* Task item
Your answer should hold only the lines from the start of the data below through the line with "Cet appartement situé", copied exactly, with pictures left out.

* Given material
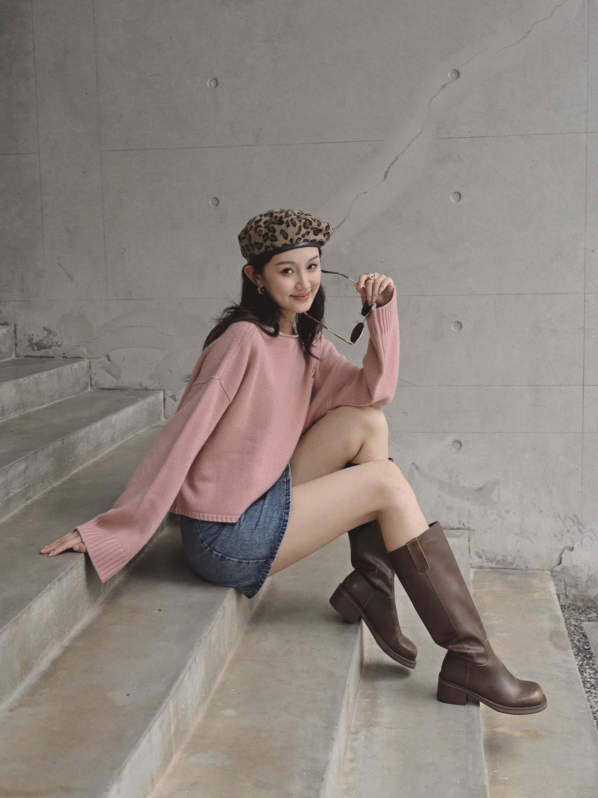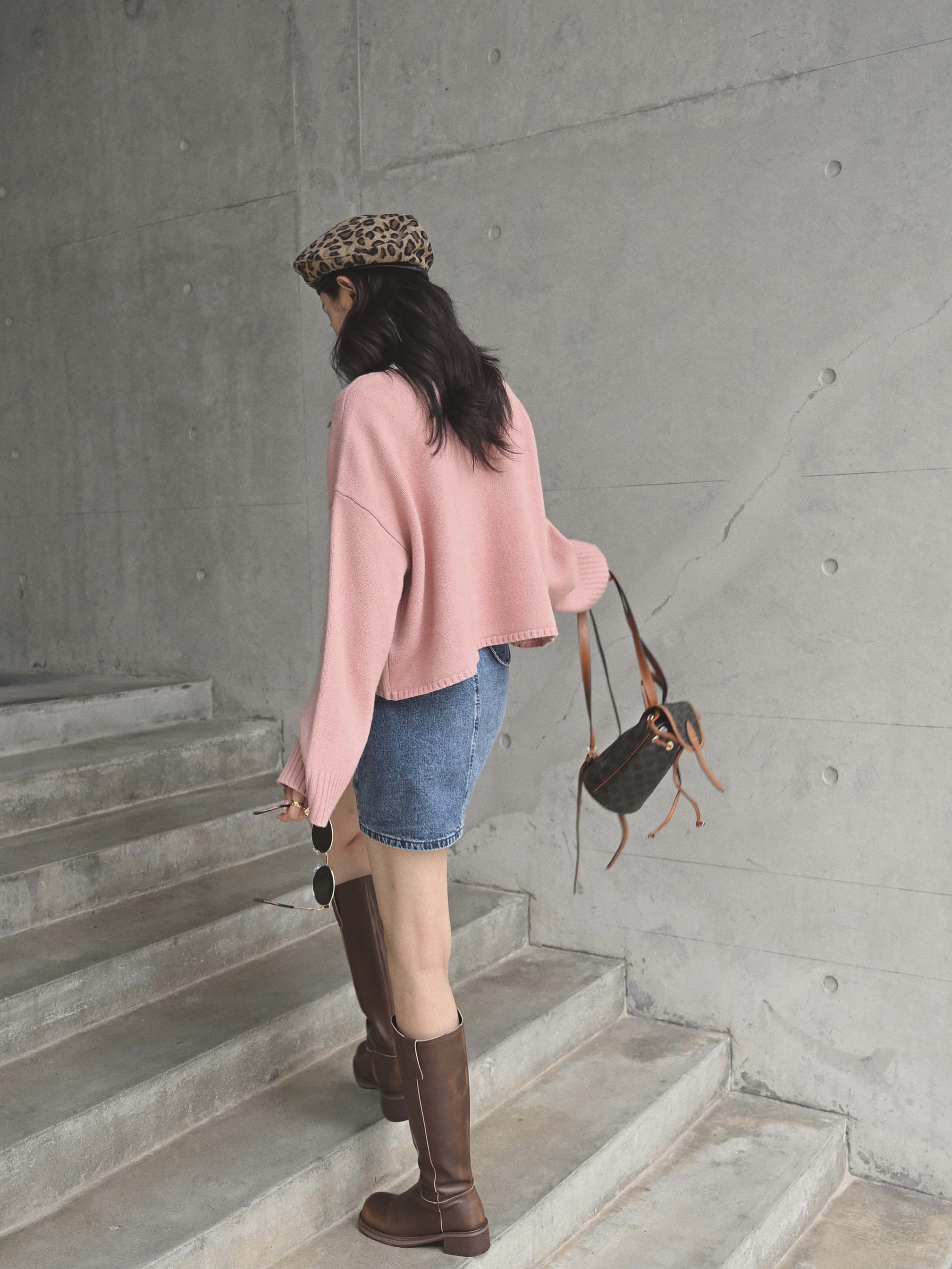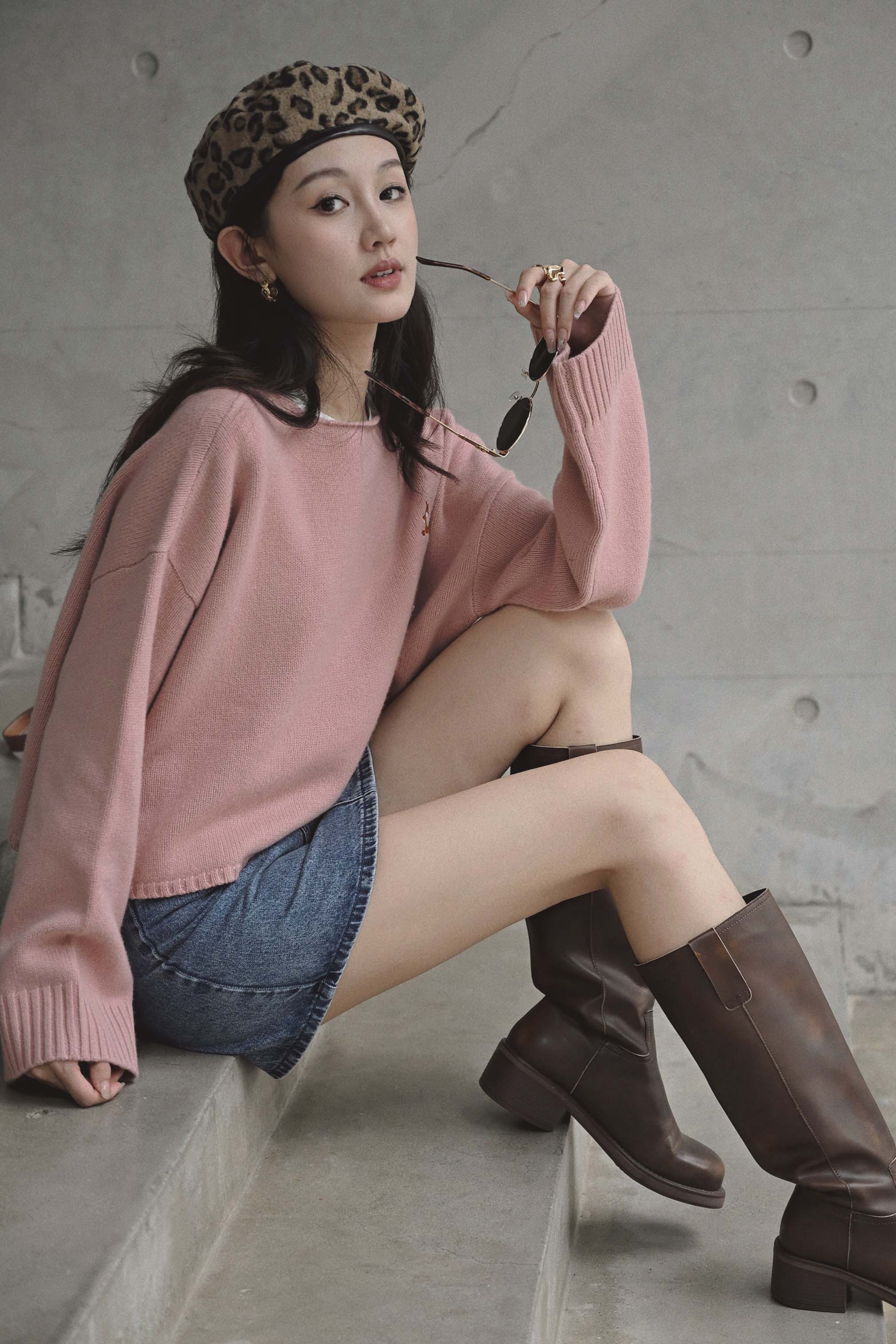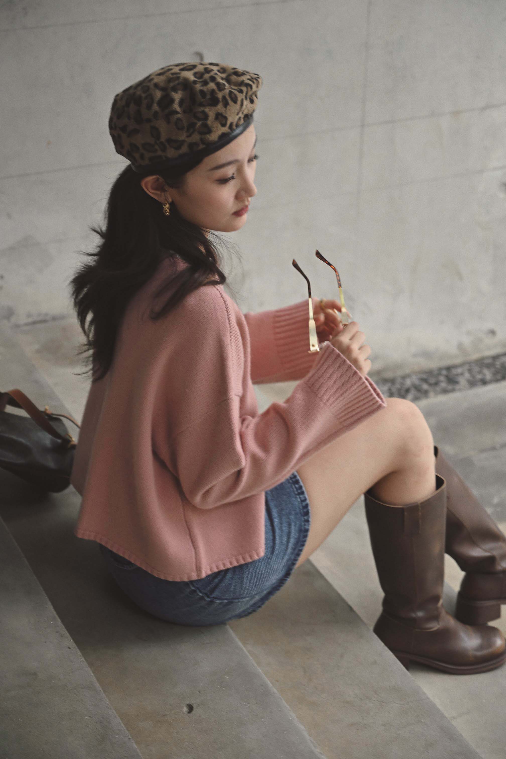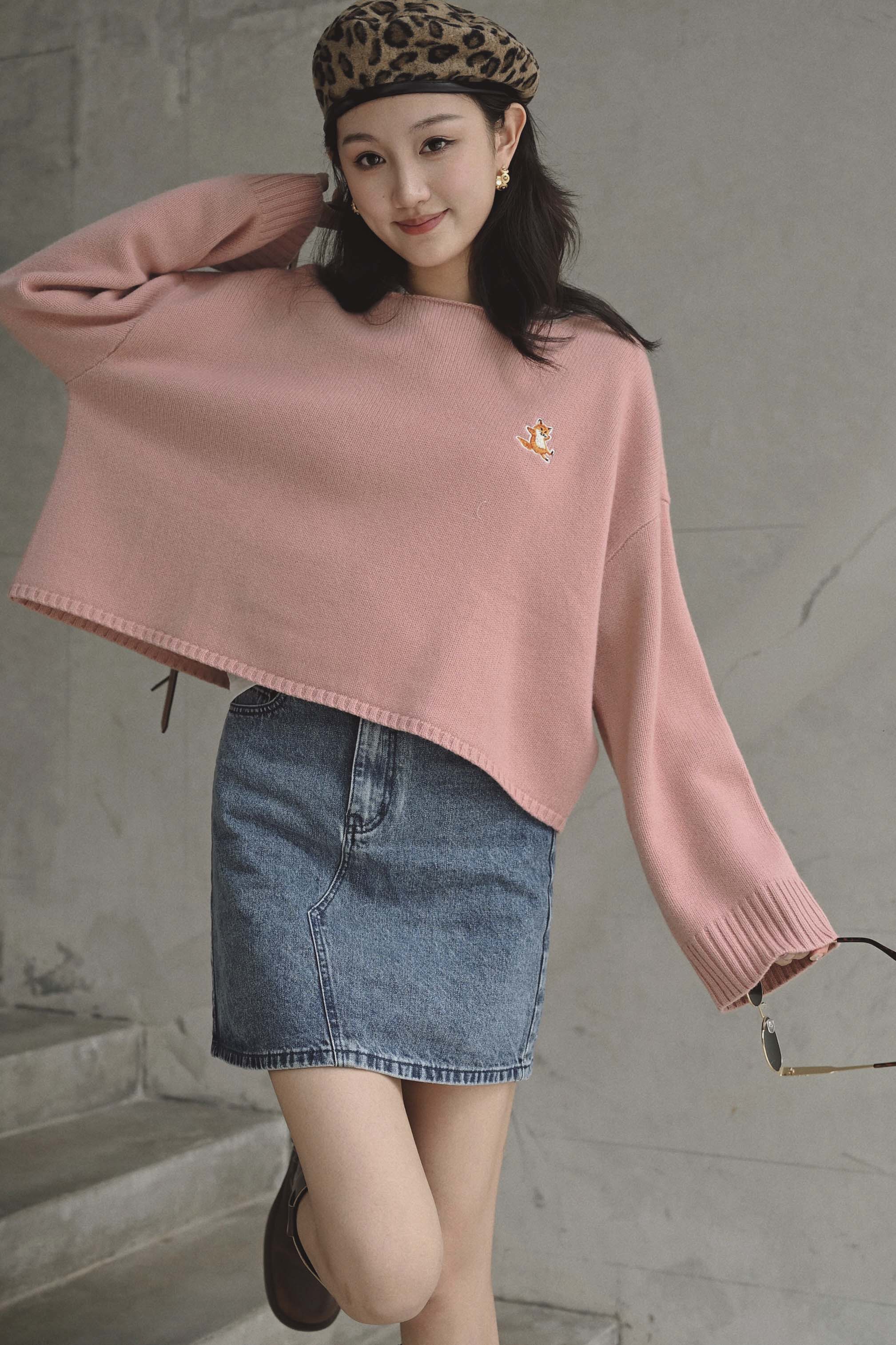 pink秋冬的粉色浪漫 · 羊绒方领小狐狸毛衫
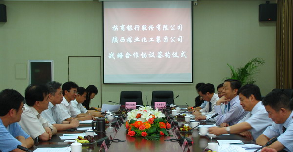 8月20日下午,招商銀行總行行長助理王慶彬、西安分行行長王冰劍帶領(lǐng)總行、分行有關(guān)人員來到陜西煤業(yè)化工集團(tuán)公司,與該集團(tuán)公司黨委書記、董事長華煒,總經(jīng)理高仰才,副總經(jīng)理尚建選,董事吳繼亮和集團(tuán)有關(guān)部門人員進(jìn)行了座談,并舉行了戰(zhàn)略合作協(xié)議簽約儀式。
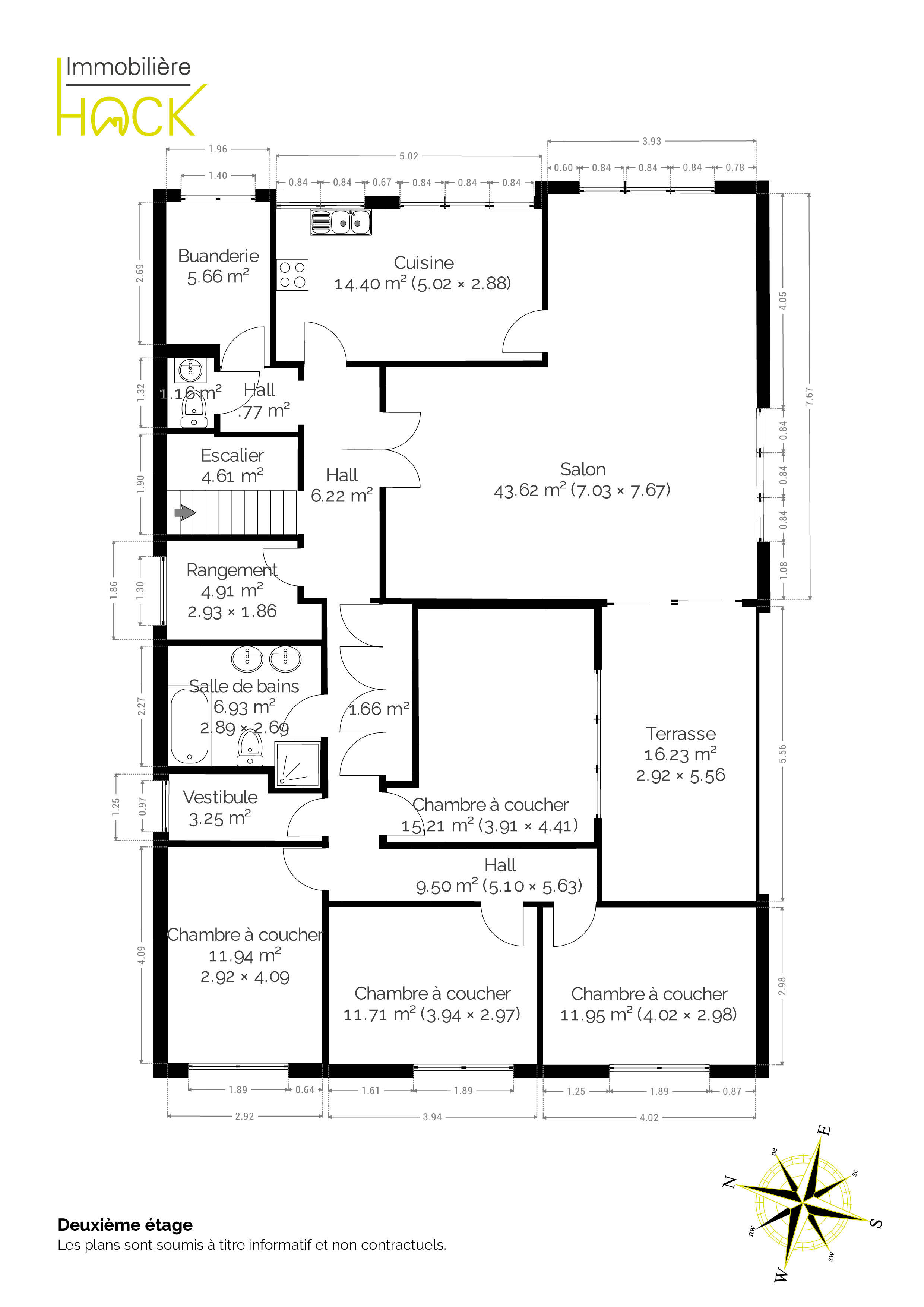 Cet appartement situé au 2 ème étage d’une résidence sans ascenseur se compose d’un séjour, d'une cuisine, d'un WC, d'une buanderie, d’une salle de bains (douche et bain), de quatre chambres ainsi que de deux pièces de rangement. Une terrasse et un emplacement de parking complètent l'ensemble.
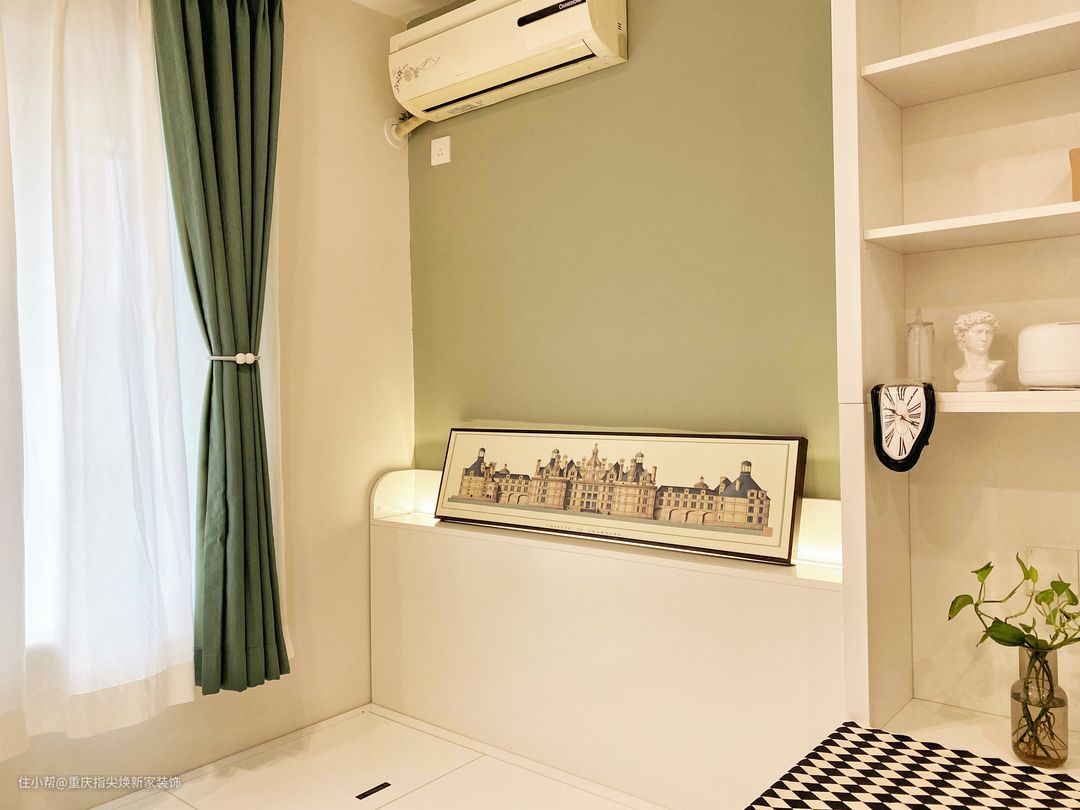 次卧的感觉更加清朗,绿衣色系的搭配足不出户就能感受万物皆春。 ①定制的衣柜+储物架,书桌和床一体的设计将面积利用的刚刚好,衣柜1.7*0.6米做到顶,置物架1.5*0.4米做到顶,书桌代替床头柜,在10平方米的房间设计榻榻米的设计能满足更多使用的可能性。 ②杏子灰+伦敦雾色乳胶漆,清新平静!石膏板平顶+无主灯净化空间,让空间无负担。

* Response area
 pink秋冬的粉色浪漫 · 羊绒方领小狐狸毛衫
 8月20日下午,招商銀行總行行長助理王慶彬、西安分行行長王冰劍帶領(lǐng)總行、分行有關(guān)人員來到陜西煤業(yè)化工集團(tuán)公司,與該集團(tuán)公司黨委書記、董事長華煒,總經(jīng)理高仰才,副總經(jīng)理尚建選,董事吳繼亮和集團(tuán)有關(guān)部門人員進(jìn)行了座談,并舉行了戰(zhàn)略合作協(xié)議簽約儀式。
 Cet appartement situé au 2 ème étage d’une résidence sans ascenseur se compose d’un séjour, d'une cuisine, d'un WC, d'une buanderie, d’une salle de bains (douche et bain), de quatre chambres ainsi que de deux pièces de rangement. Une terrasse et un emplacement de parking complètent l'ensemble.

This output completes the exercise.